The Meals for Vets program, a project of Honor Veterans Now, aims to eliminate hunger in vulnerable military veterans with a focus on those under 60 years of age living in Texas. While the Older Americans Act of 1965 provides funding for people age 60 and over to receive meals, individuals under that age threshold are turned away. Among the general population, it is estimated that nearly 2 million veterans under the age of 60 battle food insecurity and 1.5 million veterans live in poverty. About 33 percent of the nation’s homeless population is comprised of veterans.
Smith, who also directs the Veteran Resource and Support Center at Texas A&M, joined forces with Chartwells, which manages dining services at Texas A&M, to conceptualize the program with several key staff members.
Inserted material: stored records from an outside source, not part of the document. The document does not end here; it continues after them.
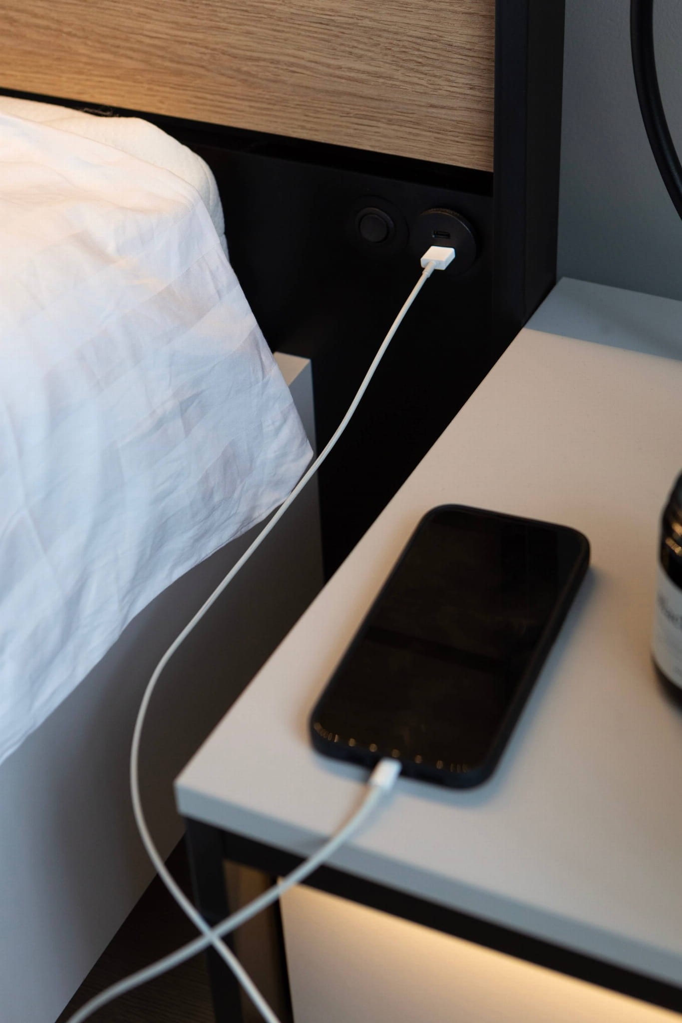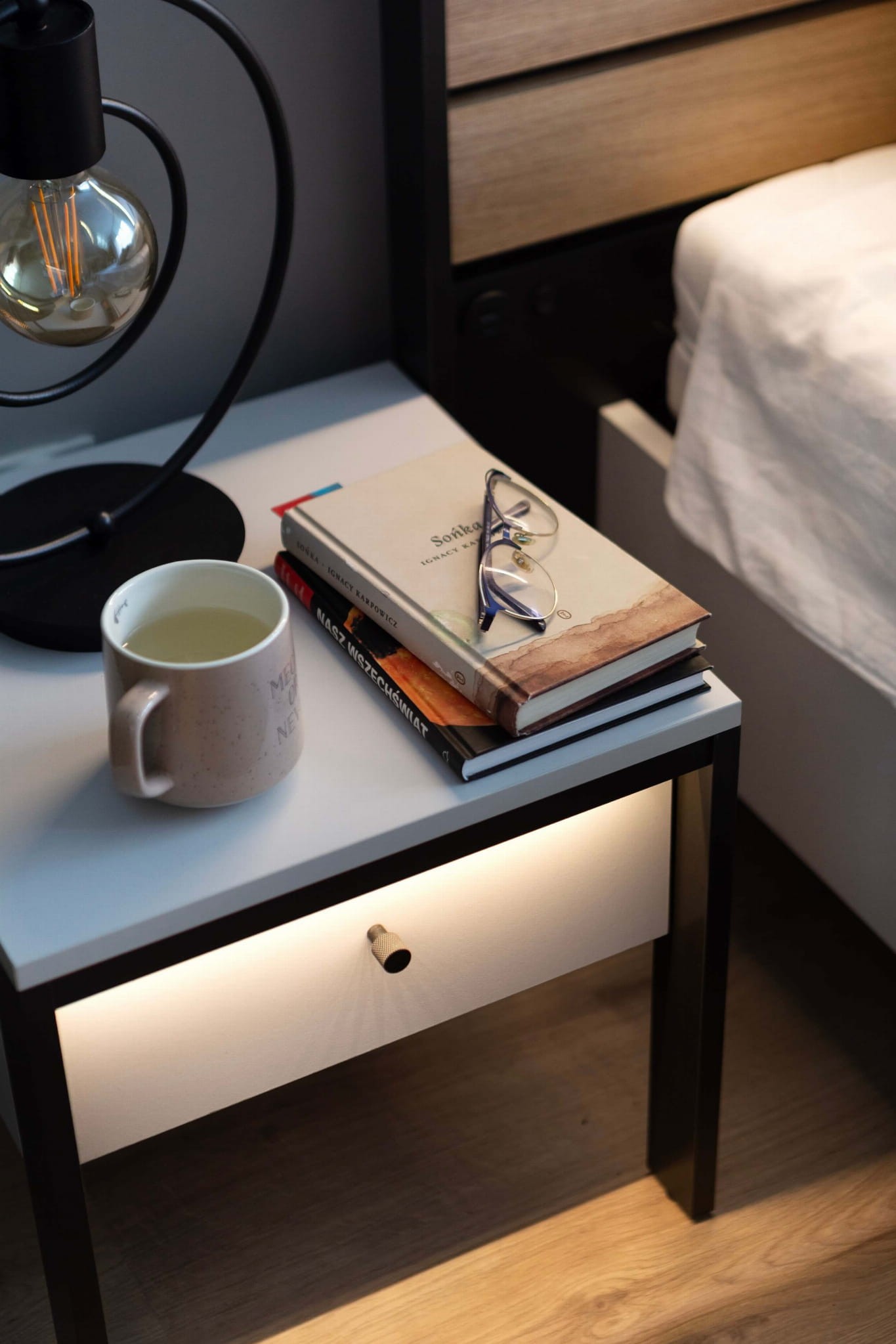 Nowoczesny stolik nocny z szufladą i oświetleniem LED
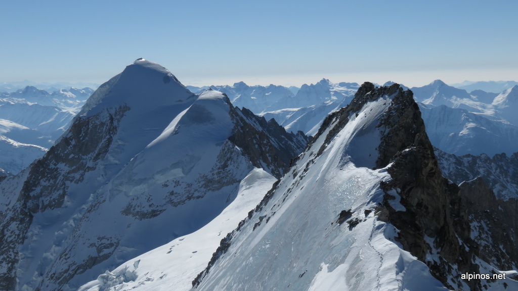Im Schein unserer Stirnlampen liefen wir über die weite Fläche des Beichgletschers in den beginnenden Morgen. Die wenigen Sonnenstrahlen, die bald in das tiefe Gletschertal drangen, verdeutlichten die Abgeschiedenheit und Schroffheit des Gebiets. Über zunächst harten, dann einigen frischen Pulverschnee stiegen wir hinauf durch den Gletscherbruch und erreichten die sonnengefluteten Weiten des oberen Gletscherbeckens des Beichgletschers. Wir drehten nach rechts ab und hatten kurz darauf die Felsen des Vorgipfels 3781m erreicht. Selbiger war schnell erklommen; nun mussten wir jedoch Steigeisen und Pickel montieren, um einige eisige Meter hinab in die Lücke zu steigen, bevor wir durch teils tiefen Schnee zum Hauptgipfel des Lötschentaler Breithorns 3785m steigen konnten.
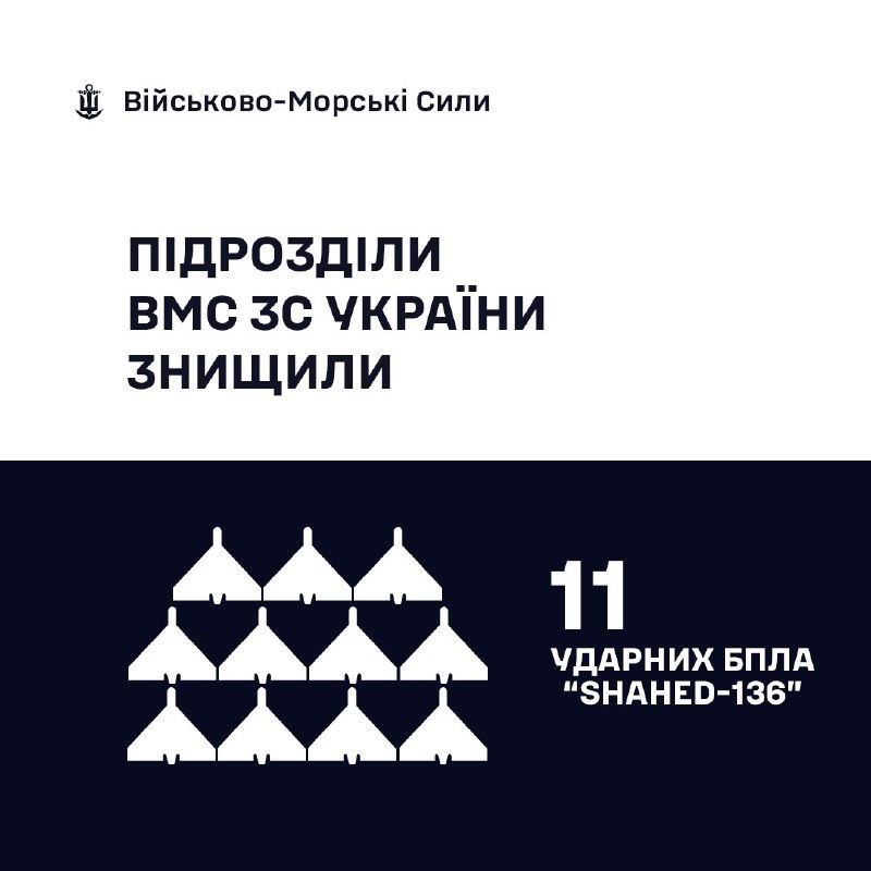За минулу добу, станом на 06:00 10.03.2026, силами та засобами Військово-Морських Сил Збройних Сил України у складі угруповань було збито 11 ударних БпЛА типу «SHAHED-136».

“There are a lot of misconceptions floating around out there about student veteran educational benefits,” Smith said. “The reality is that many student veterans do not receive GI Bill benefits that fully pay tuition and fees, resulting in those student veterans taking care of these expenses out of their monthly military stipends or other income, if any. These stipends typically do not cover basic bills, much less tuition and fees. The harsh truth is that a number of our student veterans struggle to make ends meet, and many of them are also supporting families.”
Chartwells Director of Operations Don Koshis jumped at the chance to be part of this initial campus movement.
“When the Office of Veteran Services approached us about implementing this program, we were eager to partner this fall to fulfill the mission of eliminating hunger for military veterans in the Aggie community,” Koshis said. “At Chartwells, we are committed to bettering lives in every community we touch, and we’re excited to welcome these guests into our dining halls to take charge of their nutrition and overall wellness.”